**Exercise**. Output a faithful copy of the entries, every picture removed.

┌────────

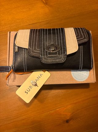 Elegante cartera de piel auténtica de la firma Surkana. Combina tonos negros y beige con un diseño moderno. - Cierre de broche metálico. - Costuras decorativas en contraste. - Compartimentos interiores organizados.
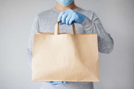 coronavirus concept - courier or food delivery man in medical mask and gloves holding paper package over white background
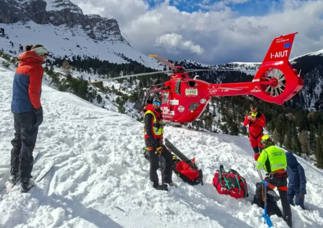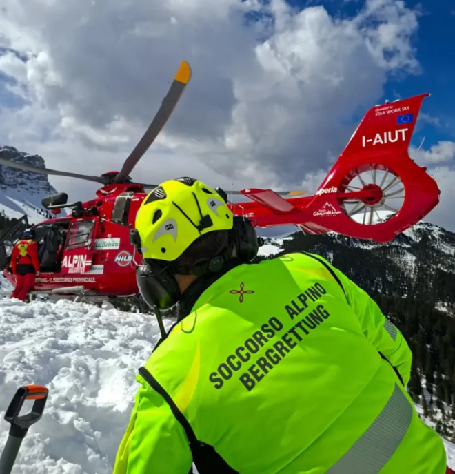 接到报告后,意大利国家高山与洞穴救援队(CNSAS)迅速展开行动,联合高山救援直升机,在地形复杂、坡度陡峭的雪山区域完成了遗体转运工作。。
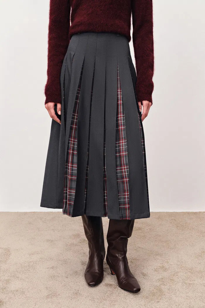 Henrie Pleated Check Maxi Skirt in Fine Wool Blend
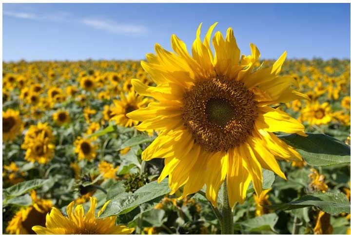 通过透视关系,作为主体的向日葵花朵与作为陪体的其他花朵形成大小对比,从而突出了主体。
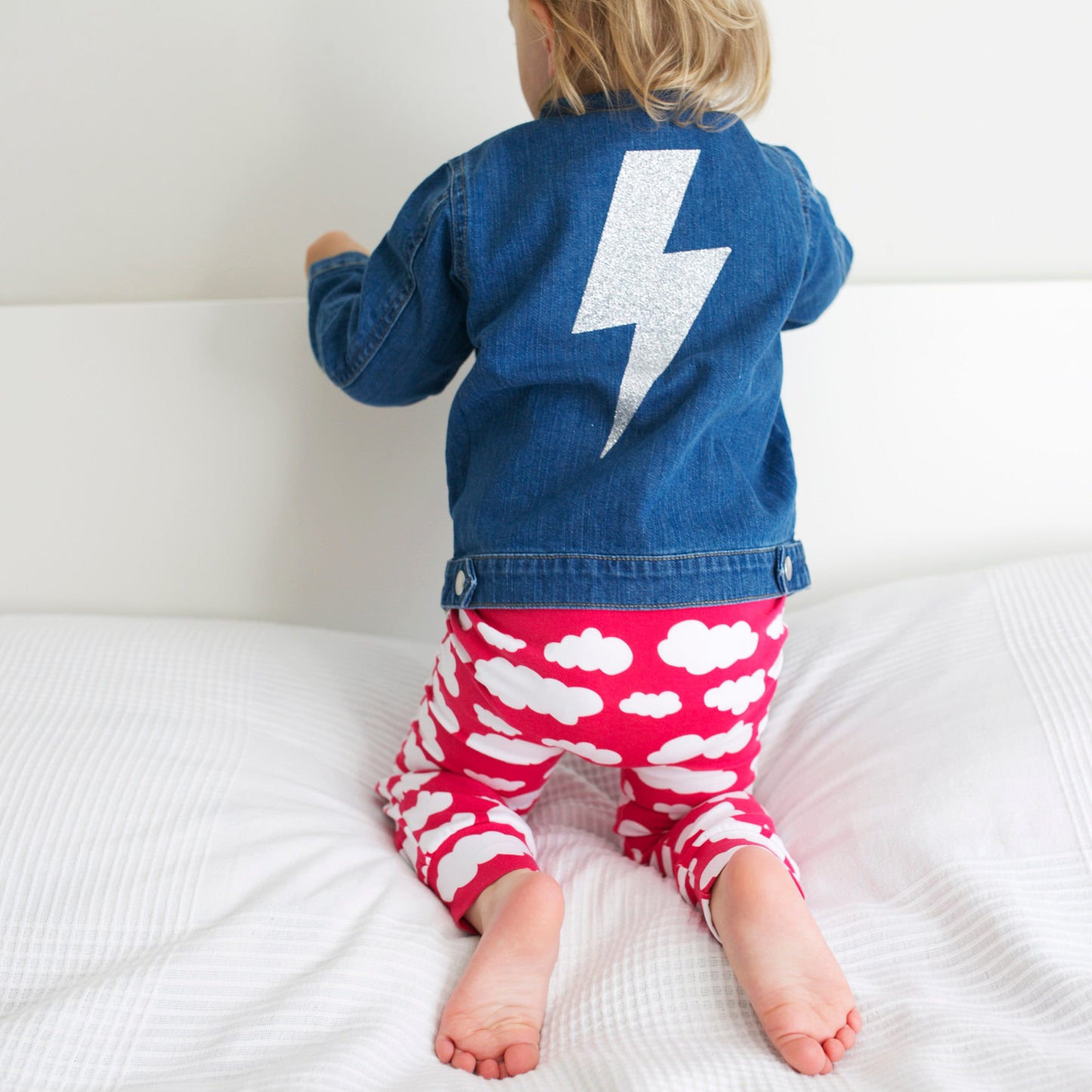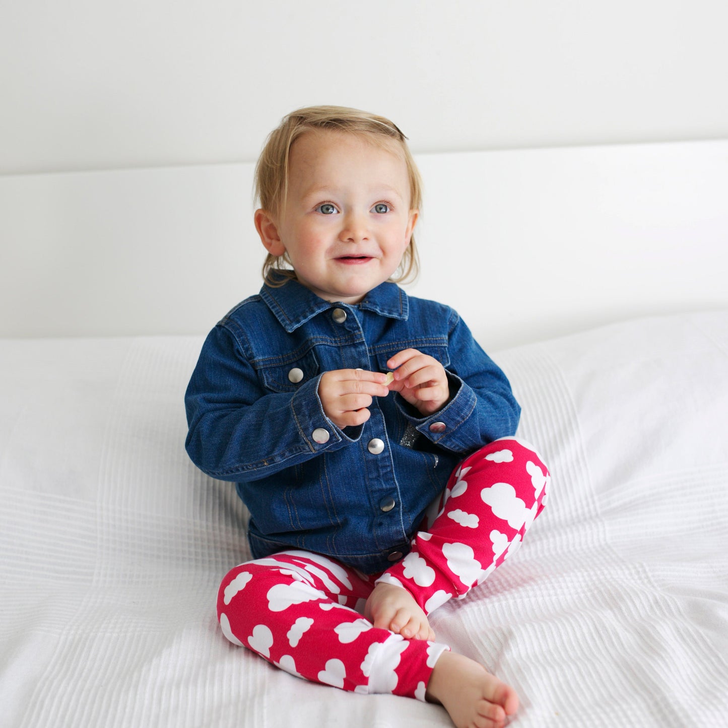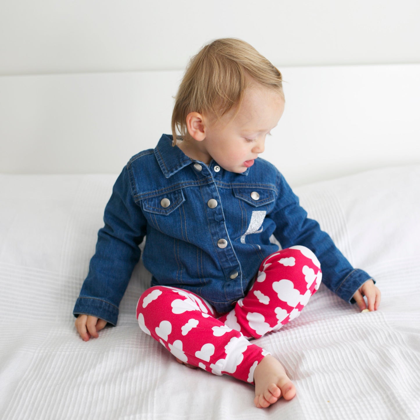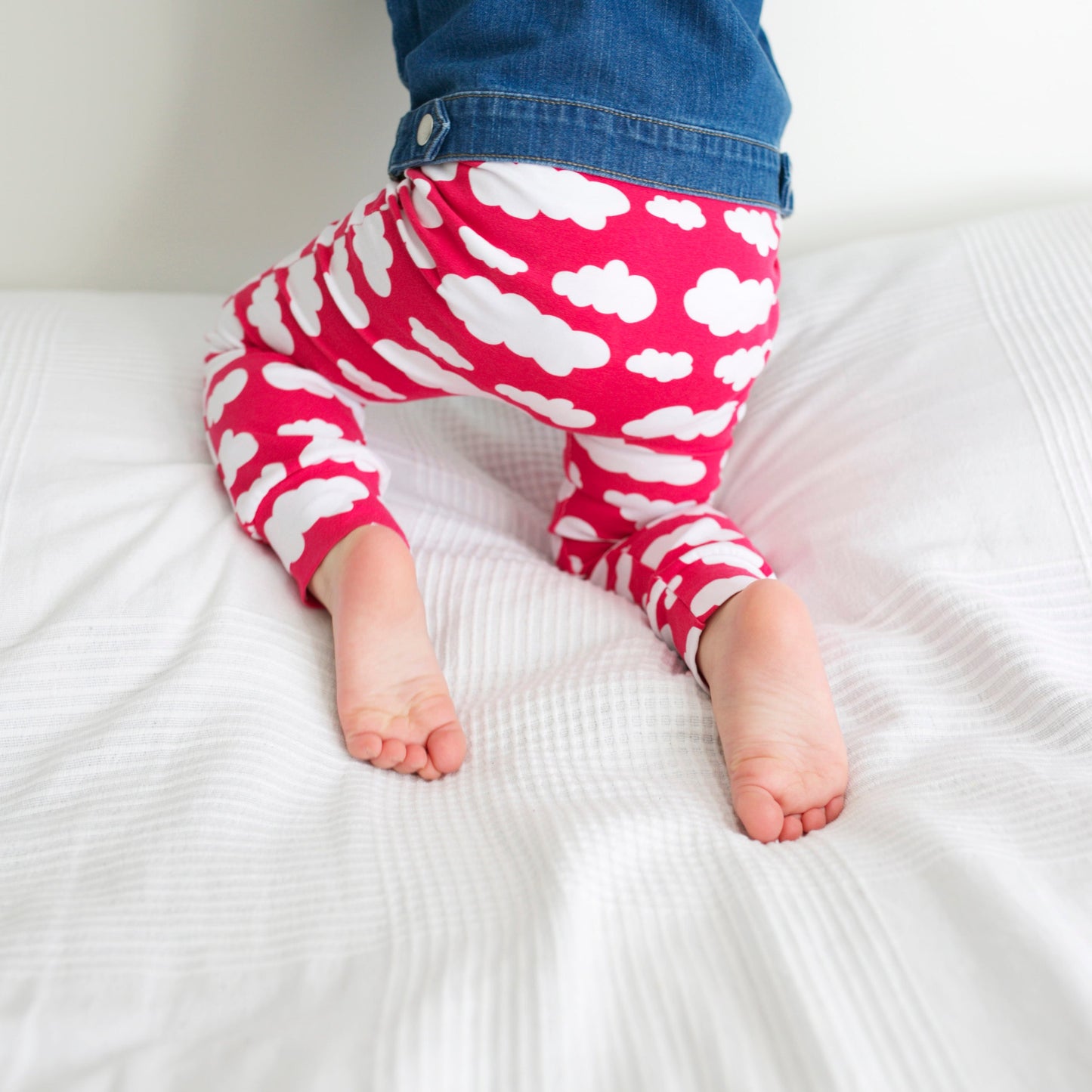 Our most popular cloud print baby leggings are made in the UK from 95% Cotton 5 % Elastane Jersey.

└────────

**Response box**.
 Elegante cartera de piel auténtica de la firma Surkana. Combina tonos negros y beige con un diseño moderno. - Cierre de broche metálico. - Costuras decorativas en contraste. - Compartimentos interiores organizados.
 coronavirus concept - courier or food delivery man in medical mask and gloves holding paper package over white background
 接到报告后,意大利国家高山与洞穴救援队(CNSAS)迅速展开行动,联合高山救援直升机,在地形复杂、坡度陡峭的雪山区域完成了遗体转运工作。。
 Henrie Pleated Check Maxi Skirt in Fine Wool Blend
 通过透视关系,作为主体的向日葵花朵与作为陪体的其他花朵形成大小对比,从而突出了主体。
 Our most popular cloud print baby leggings are made in the UK from 95% Cotton 5 % Elastane Jersey.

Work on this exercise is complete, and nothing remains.